━━ DATA SEGMENT ━━
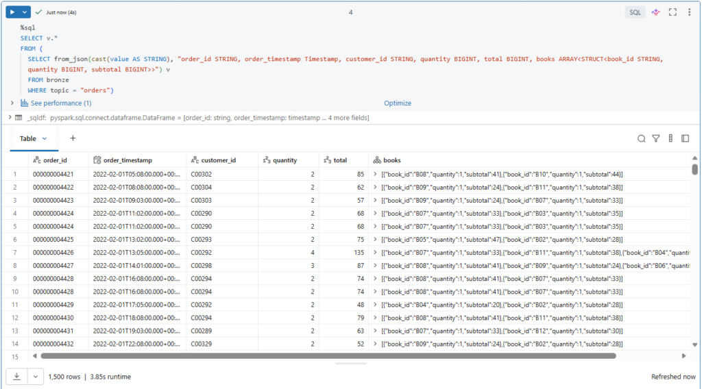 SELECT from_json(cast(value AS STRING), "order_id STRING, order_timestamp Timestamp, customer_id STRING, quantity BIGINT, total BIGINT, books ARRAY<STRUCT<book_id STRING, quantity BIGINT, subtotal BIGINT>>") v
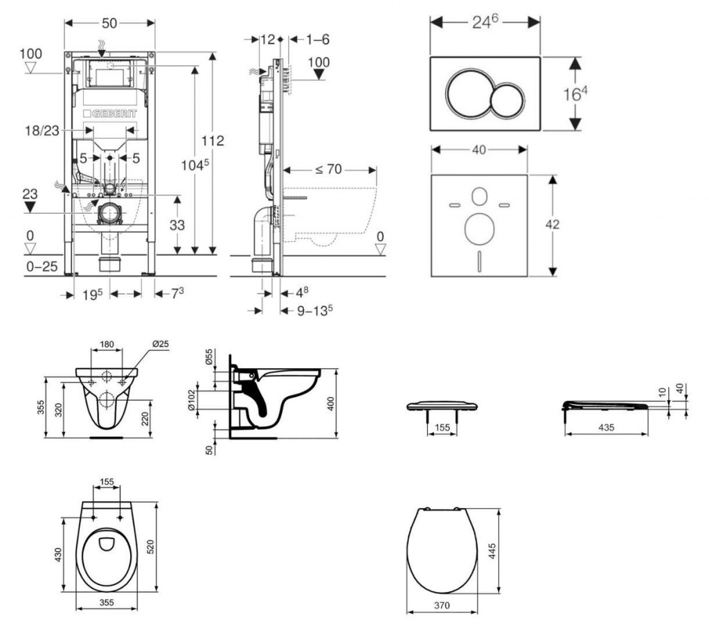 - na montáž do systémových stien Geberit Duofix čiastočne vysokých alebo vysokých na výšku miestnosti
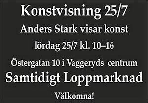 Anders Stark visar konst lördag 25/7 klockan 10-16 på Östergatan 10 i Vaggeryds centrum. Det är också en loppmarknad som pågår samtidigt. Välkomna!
━━━
PROBLEM
Wherever the listing shows a picture, omit it and output the rest exactly as given.

WRITTEN ANSWER
 SELECT from_json(cast(value AS STRING), "order_id STRING, order_timestamp Timestamp, customer_id STRING, quantity BIGINT, total BIGINT, books ARRAY<STRUCT<book_id STRING, quantity BIGINT, subtotal BIGINT>>") v
 - na montáž do systémových stien Geberit Duofix čiastočne vysokých alebo vysokých na výšku miestnosti
 Anders Stark visar konst lördag 25/7 klockan 10-16 på Östergatan 10 i Vaggeryds centrum. Det är också en loppmarknad som pågår samtidigt. Välkomna!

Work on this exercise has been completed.